Solo quería adoptar al hijo de su exmujer. Y resultó ser su propio hijo…
Cuando Elena dejó a Javier, sintió como si el corazón se le hubiera arrancado del pecho. Seis años juntos, cuatro de ellos viviendo bajo el mismo techo. La había amado con esa devoción que duele, con esa pasión que solo nace del alma. Pero ella eligió a otro. Uno con más dinero. Le prometió un piso en Madrid, una vida sin preocupaciones y libertad para gastar sin mirar cada céntimo. Y Javier se quedó solo, destrozado, como un hombre sin rumbo.
Se refugió en el trabajo. Solo volvía a casa para dar de comer a su gato, Peluso. Los amigos quedaron atrás, los pasatiempos también. Sin embargo, al cabo de dos años, ascendió a jefe de departamento y luego montó su propia empresa. Fue entonces cuando el dolor empezó a ceder. Recuperó el tiempo para vivir, para la gente, para sí mismo.

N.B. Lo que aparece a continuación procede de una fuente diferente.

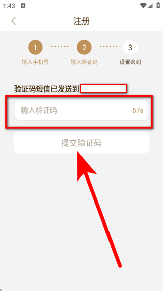 3、在注册第二步页面,在输入框,输入验证码,点击提交验证码。

Hasta que un día supo la triste noticia: Elena había muerto. Su nuevo marido, aquel hombre “acomodado”, la maltrataba, y en una de sus peleas, ella cayó… de modo fatal. Dejaba atrás a un niño pequeño, a punto de ser enviado a un orfanato. Javier no lo dudó: fue a verlo.

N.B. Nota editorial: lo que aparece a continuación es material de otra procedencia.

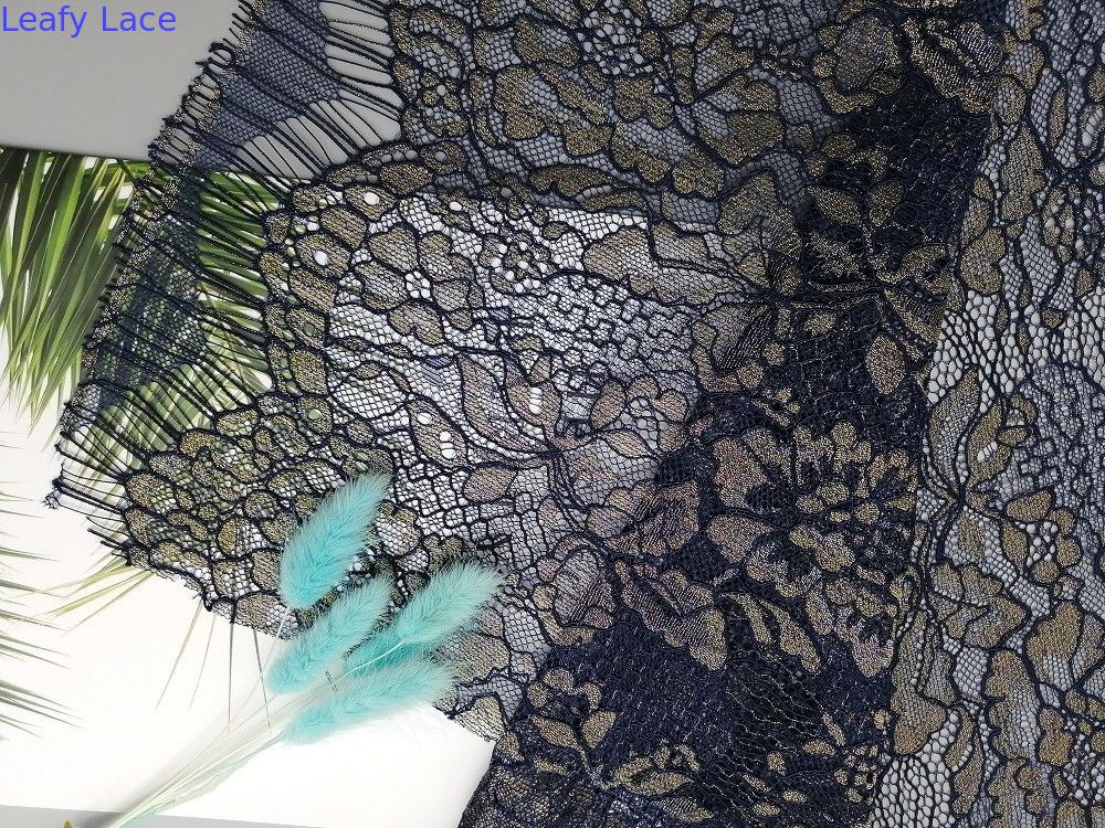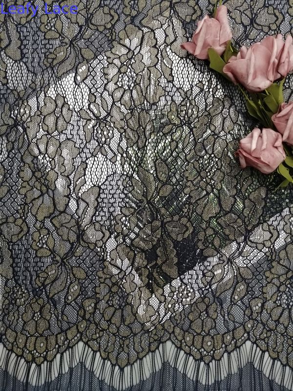 Le cil français sensible Lurex métallique de Chantilly lacent le tissu avec le feston avec des caractéristiques de vêtement de robe de Wowen :

El niño estaba sentado en un rincón, llorando en silencio, con la mirada perdida en la pared. Pequeño, frágil, deshecho. Como si el mundo se le hubiera venido encima. Javier no pudo soportarlo. Comenzó a visitarlo cada día, llevándole juguetes, dulces, quedándose a su lado. El niño, poco a poco, se acercó a él. Y entonces, Javier tomó una decisión: lo adoptaría. Aún amaba a Elena. ¿Cómo iba a dejar a su hijo solo en este mundo?
En unas semanas, el niño se mudó con él. Un año después, Javier ya no concebía su vida sin ese pequeño. Era su hijo en todo menos en sangre: alegre, listo, de corazón noble. Paseaban, viajaban, reían en las ferias. Hasta que, en el cumpleaños de un amigo, alguien le dijo:
—Oye, ¿estás seguro de que no es tuyo? Es clavado a ti…
Javier sonrió con ironía:
—No, Elena me lo habría dicho.
—¿Y si ella tampoco lo sabía?
La idea no le dejó en paz. Hizo una prueba de ADN. El resultado fue claro: era su hijo. Su propia sangre.

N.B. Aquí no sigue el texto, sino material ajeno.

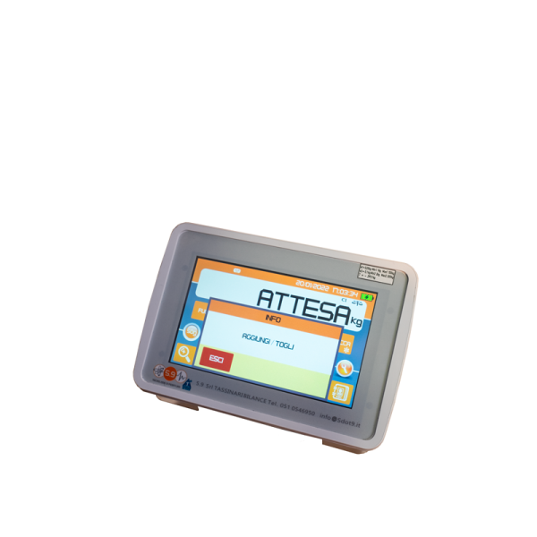 Visore del peso touch screen con luminosa interfaccia grafica che permette all’operatore di svolgere tutte le funzioni con estrema facilità con un tocco solo;

No supo qué sentir: alegría, dolor, culpa. No había sabido que tenía un hijo. Y Elena… quizá tampoco lo supo. O quizá calló.
Ahora entendía por qué el niño le había resultado tan familiar desde el principio. Por qué se acercó solo a él. No solo había salvado a un niño de la soledad. Había traído a casa a su propio hijo. Y aunque el pasado no podía cambiarse, ahora tenía la oportunidad de enmendarlo… por el niño, por Elena, por sí mismo.